The Bank raised the interest rates for the first time in eight months.
“The Monetary Board also took into account the notable improvements in fiscal operations, which have resulted in the overall budget deficit in 2016 declining to envisaged levels. The Board was of the view that these improvements, together with the substantial upward movements already observed in market interest rates, have reduced the required adjustment in policy interest rates.”
Meanwhile, Reuters news agency said that the fourth tightening step in 16 months comes two weeks after the International Monetary Fund urged authorities to tighten monetary policy amid heavy foreign outflows from government securities this year.
“Policymakers face a tricky balancing act as the rupee has come under renewed pressure, hurt by capital outflows, but a rate hike is likely to further slowdown an already fragile economy. Growth slowed to a three-year low of 4.4 percent in 2016, easing from 4.8 percent the previous year,” it said.

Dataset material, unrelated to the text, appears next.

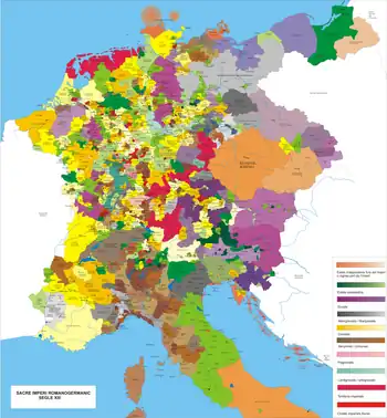 L'effacement de l'autorité royale au sein d'un royaume de Bourgogne incorporé au Saint-Empire romain germanique à partir de 1032 sous influence ottonienne caractérise le règne de Rodolphe III[20]. Les archevêques de Vienne, qui ont titre de comtes, reçoivent du pape Calixte II (1119-1124) issu de la famille des comtes palatins de Bourgogne, ancien archevêque de Vienne (1084-1119), la juridiction de Vienne sur sept diocèses ; il accorde à Saint-Maurice le titre de primatiale : son ancien archevêché a la primauté sur six autres provinces ecclésiastiques du sud de la France : Bourges, Bordeaux, Auch, Narbonne, Embrun et la Tarentaise. En 1120 il interdit aux laïcs d’habiter dans le quartier canonial de Vienne. De 1146 à 1227, jusqu'à 1227, les comtes de Vienne issus de la Maison anscaride d'Ivrée/comtes palatins de Bourgogne, sont également comtes de Mâcon. Ils doivent cependant partager le comté de Vienne avec l'archevêque de Vienne et les comtes d'Albon, Dauphins de Viennois vers 1142. En 1146, Guillaume III de Mâcon, neveu de Calixte II et frère du comte Renaud III de Bourgogne, prétendait occuper Vienne au mépris des droits de l'archevêque de la ville, Humbert, fils du comte d'Albon Guigues III. Conrad III, par une lettre adressée aux évêques et aux princes de la région, déclara que la cité de Vienne tout entière était soumise à la seigneurie de l'Église[39]. De la modification nouvelle du pouvoir comtal[20] découla une querelle entre les comtes d'Albon, l'archevêque de Vienne et les comtes de Mâcon (famille des Anscarides de Bourgogne-Mâcon) au sujet des droits sur la ville de Vienne. Le 13 janvier 1155 à Rivoli[40], Berthold de Zähringen, gouverneur ou recteur dit "de Bourgogne", assure sa fidélité au dauphin Guigues V, comte d'Albon et neveu de l'archevêque Hugues, et lui donne tout ce que lui-même tient de ses prédécesseurs ou des rois dans la ville de Vienne, s'engageant à combattre Guillaume III comte de Mâcon et de Vienne s'il tente d'y mettre obstacle. À son tour, le dauphin lui fait hommage et promet de le recevoir décemment dans la ville en présence de Frédéric, roi des Romains, qui donne son consentement. La suzeraineté reste ainsi à l'archevêché et aux Dauphins, les comtes de Mâcon restant décorés du titre prestigieux mais secondaire de comtes de Vienne. Selon le site de la Foundation for Medieval Genealogy, ici très restrictif, il n'existe pas avec certitude de comte de Vienne issu des comtes palatins de Bourgogne avant le fils de Guillaume III, Gérard de Mâcon, décédé le 15 septembre 1184[41].

"There are external pressures like the U.S. raising interest rates, bond outflows and IMF pressure are there to tighten monetary policy," Yohan Samarakkody, head of research, SC Securities (Pvt) Ltd, told Reuters, but added the pace was a bit too fast.
But the central bank said in a statement the move was necessary "to contain the build-up of adverse inflation expectations and the possible acceleration of demand side inflationary pressures through excessive monetary and credit expansion".

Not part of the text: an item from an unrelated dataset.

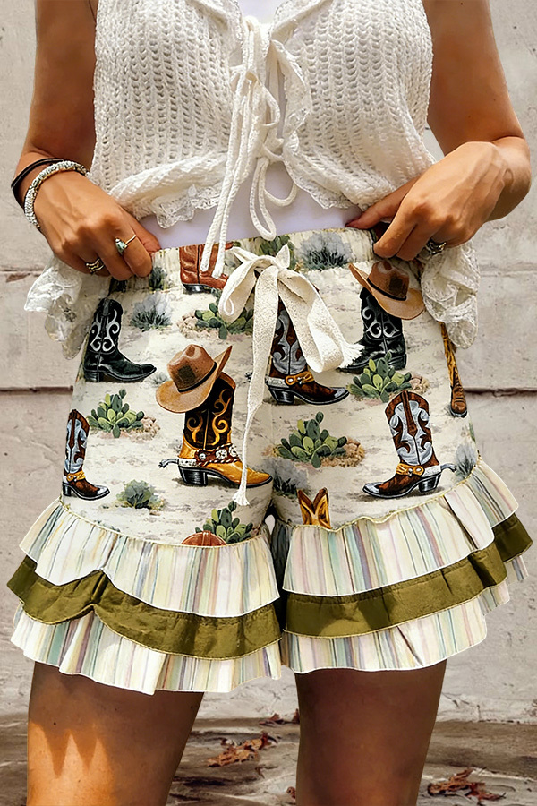 Western Ranch Layered Ruffle Drawstring Shorts

A Reuters poll this week showed economists were split on a possible rate hike.
The IMF on March 7 urged the central bank to tighten monetary policy if credit growth or inflation do not abate.
The central bank last tightened monetary policy in July.
Sri Lanka's private sector credit growth remains stubbornly high, which has exacerbated inflation. Credit grew 20.9 percent year-on-year in January, compared with 21.9 percent in December.
Inflation in February hit a record high, pushed up by the impact of a lingering drought.